Filed Date: 12/19/1994
Status: Precedential
Modified Date: 10/31/2024
—Appeal by the defendant from a judgment of the Supreme Court, Queens County (Corrado, J.), rendered March 9, 1992, convicting him of criminal sale of a controlled substance in the third degree (two counts), upon a jury verdict, and imposing sentence.

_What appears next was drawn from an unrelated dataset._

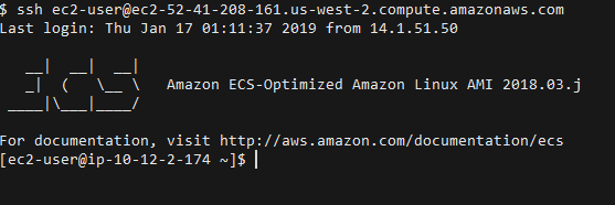 Once you’ve done this SSH to the instance as the user ‘ec2-user’. Note that if you have ssh’d to this machine before it’s host key may have changed causing ssh to give you an error. Editing ~/.ssh/known_hosts or running ssh -R

The court did not deprive the defendant of his right to a public trial when it closed the courtroom during the testimony of undercover police officers. During the Hinton hearings (see, People v Hinton, 31 NY2d 71, cert denied 410 US 911), the undercover officers testified that they had been involved with undercover operations in the vicinity of the defendant’s arrest at a specified address in Jamaica, Queens, and continued to work in that area. Both officers further testified that their safety and the safety of fellow police officers, as well as the integrity of ongoing investigations in the vicinity of the defendant’s arrest, would be jeopardized if their identities were disclosed. Thus, a sufficient link was established between the officers’ concern for their safety and their open-court testimony, and the trial court did not improvidently exercise its discretion in closing the courtroom (see, People v Hosien, 204 AD2d 658; People v Skinner, 204 AD2d 664; People v Thompson, 202 AD2d 456; cf., People v Martinez, 82 NY2d 436).
The sentence imposed did not constitute cruel and unusual punishment (see, People v Thompson, 83 NY2d 477; People v Brown, 198 AD2d 424; People v Wilson, 190 AD2d 835) and, under the circumstances of this case, was neither harsh nor excessive (see, People v Suitte, 90 AD2d 80). Joy, J. P., Friedmann, Krausman and Florio, JJ., concur.